# White Memorial Night Ride - 11/04/08



## bvibert (Nov 4, 2008)

Not wanting to let a little lack of light deter my RAW rides I geared up this morning to head out anyway.  I decided to hit White Memorial on the way home, since I was alone anyway.  The purpose of this ride was to simply log some miles.  I'm not at the point where I want to try anything remotely technical in the dark, by myself.  I was successful in my mission; logging around 12.7 miles in just under 2 hours.

I'm really enjoying having the headlight so that I have the option to ride even with it getting dark so early. 

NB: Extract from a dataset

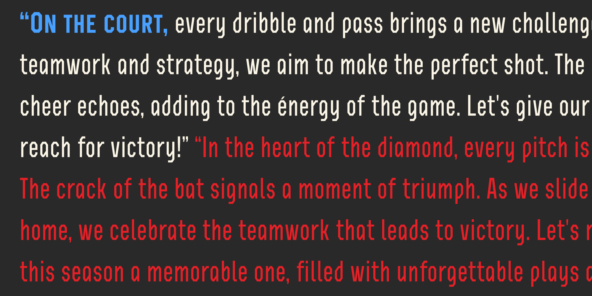伝統的なスポーツリーグに触発されたスタイルに、オプティマイズを重ねたフォント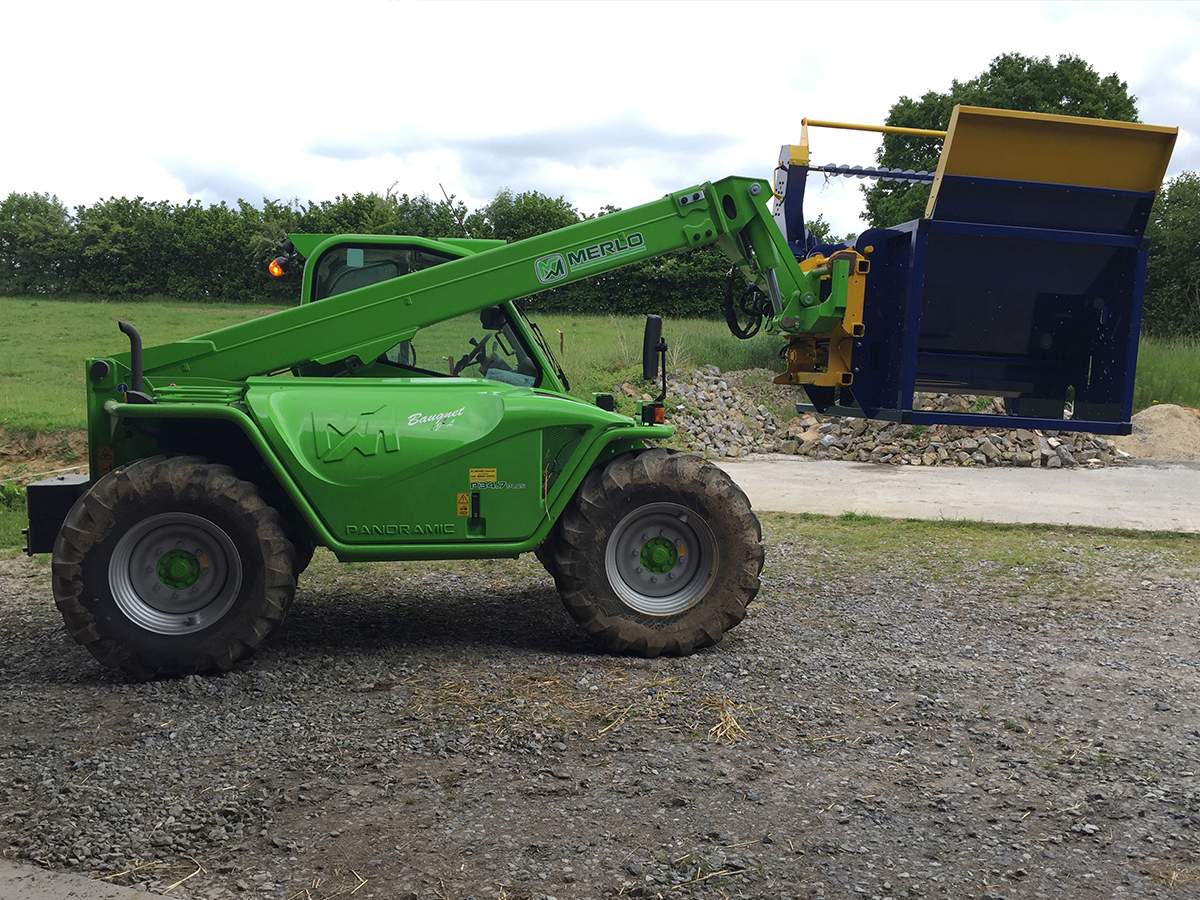 Cette dérouleuse est munie du système d'accrochage automatique propre aux machines Warzée. Grâce à un tablier pique-bottes muni d'un crabot, l'attelage entre le tablier et la dérouleuse se fait automatiquement, sans même devoir descendre du chargeur. Aucune connexion n'est nécessaire.

Here's the track, not really a whole lot that hasn't been covered by previous tracks.
http://crankfire.com/trails/data.php?dataid=514


----------



## severine (Nov 4, 2008)

Nice! Glad you had a chance to get out tonight!


----------



## Johnskiismore (Nov 4, 2008)

I like the report data, that is pretty cool!


----------



## Greg (Nov 5, 2008)

Nice job with the night pedaling.


----------



## powhunter (Nov 5, 2008)

Nice Brian!!!   Did you encounter any wild creatures??

steve


----------



## bvibert (Nov 5, 2008)

powhunter said:


> Nice Brian!!!   Did you encounter any wild creatures??
> 
> steve



No, but I'm not sure I would have seen them if there were.  I did hear the occasional rustling in the woods when I stopped though.  I was surprised to come across two other riders though.


----------



## o3jeff (Nov 5, 2008)

Post your next night ride and route in the Trip and Event forum so I can jump out of the bushes as you go by:-D


----------



## bvibert (Nov 5, 2008)

o3jeff said:


> Post your next night ride and route in the Trip and Event forum so I can jump out of the bushes as you go by:-D



Yeah, I'll get right on that. :roll:


----------



## severine (Nov 6, 2008)

o3jeff said:


> Post your next night ride and route in the Trip and Event forum so I can jump out of the bushes as you go by:-D


:lol: That would be pretty funny! Don't get eaten by a bear while you're waiting!


----------



## 2knees (Nov 6, 2008)

12.7 miles at night by yourself!!!! 

that's dedication.


----------



## bvibert (Nov 6, 2008)

2knees said:


> 12.7 miles at night by yourself!!!!
> 
> that's dedication.



I was surprised when it ended up being that many miles.  I was almost going to make it longer too... 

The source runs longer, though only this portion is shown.